Inversed-Tech / eyelid

Private iris matching
Apache License 2.0
0 stars 0 forks source link

Review security of lattice distribution implementation #70

Open emmorais opened 2 months ago

emmorais commented 2 months ago

Lattices errors and keys must be generated using appropriate distributions.

This is a required task before delivering the milestone.

teor2345 commented 2 months ago

This ticket is based on some questions about integer size, overflow, and rounding during key generation: https://github.com/Inversed-Tech/eyelid/pull/69#discussion_r1582429678

I know in some applications, rounding, lower order bits, and rare edge cases can have security implications. So I wanted to double-check the security requirements here.

Since I last looked into secure sampling for differential privacy, the Mirnov attack has been extended to Gaussian distributions: https://arxiv.org/pdf/2107.10138

Here are some potential issues:

f64 has 53 bits of integer precision, so it can’t represent integers greater than 2^53 exactly.

We might need to choose a specific sampling implementation.

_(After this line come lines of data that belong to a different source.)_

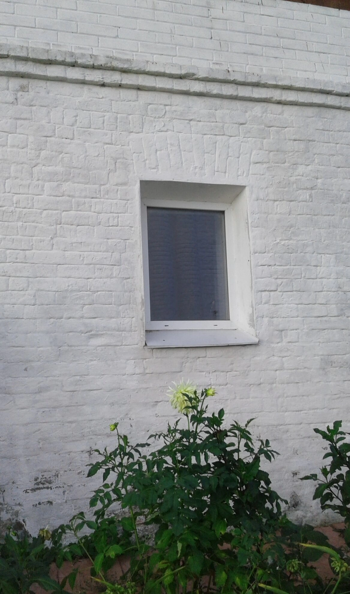 На представленной фотографии запечатлён фрагмент стены Спасо-Преображенского храма, известного в народе как Мельничный, что находится в древнем городе Шуя Ивановской области. Изображённое окно, расположенное в цокольной части здания, выполнено в простой, аскетичной форме, характерной для хозяйственных и подсобных помещений православных церквей. Белая рама окна контрастирует с фактурной поверхностью стены, создающей благородный образ старины.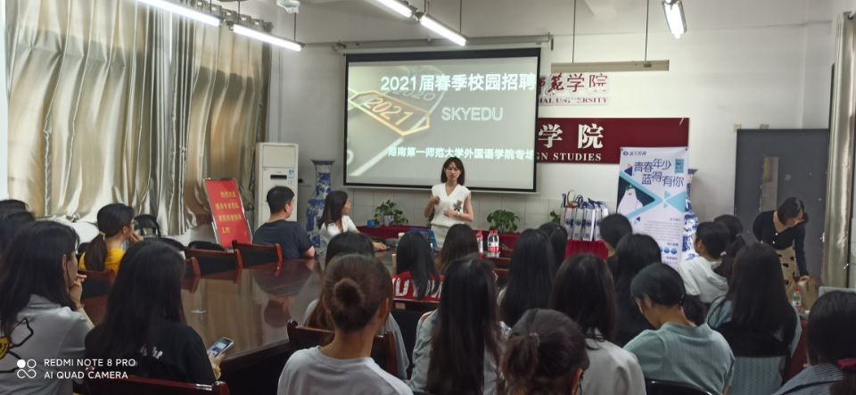 深圳蓝天教育教学总监Anna向同学们介绍了公司的概况、职业发展方向、人员需求、薪资待遇等情况。随后,12名有意向的毕业生与招聘人员进行了深入的沟通和面试。最终有9位毕业生顺利通过面试,拿到了offer。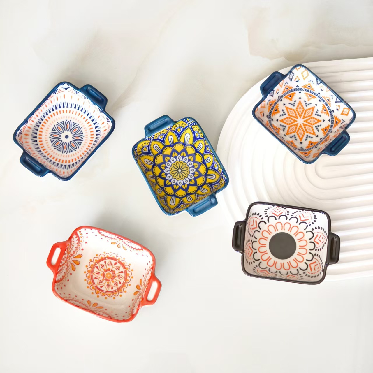 キッチン調味料皿ボヘミアン家庭用味皿酢皿双耳個性ディップ醤油調味料碗釉薬下彩
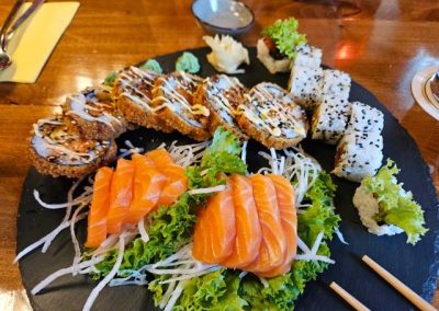 Last week we took a little day trip to a nearby town called Machern. On our way back, we stopped at a little Vietnamese restaurant and had various things. Here is the yummy sushi and sashimi.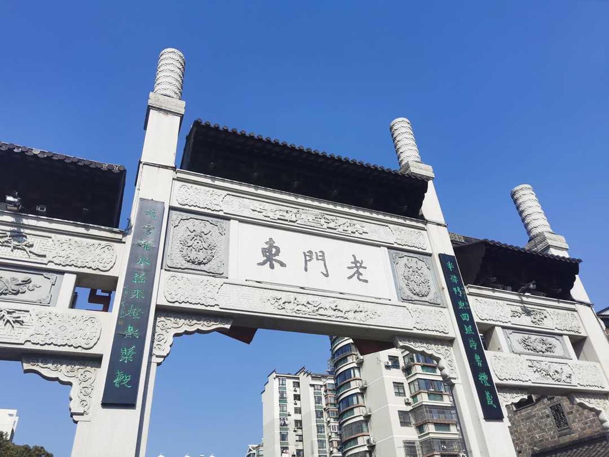 Next stop: Laomen East (老门东). At the entrance of Gytong Alley (箍桶巷), a grand stone archway stands before me with "Laomen East" (老门东) inscribed on it.

For example, there are integer-only implementations that avoid some of the floating-point security issues.

teor2345 commented 2 months ago

f64 has 53 bits of integer precision, so it can’t represent integers greater than 2^53 exactly.

The normal distribution scaling is implemented by multiplying a standard normal distribution by the standard deviation.

This creates a security constraint which is roughly:

secure_integer_bits > min(53, stdnormal_secure_integer_bits) - ceil(stddev_bits) - 1

The Ziggurat paper hopefully has some analysis of stdnormal_secure_integer_bits: https://www.doornik.com/research/ziggurat.pdf

teor2345 commented 2 months ago

Very roughly, the implementation discards:

The zero case is slightly different (probability 1 in 2^8):

In particular, if the scaled logarithm of the random value is much less than the constant, only the low bits will be random. (check the probability of this)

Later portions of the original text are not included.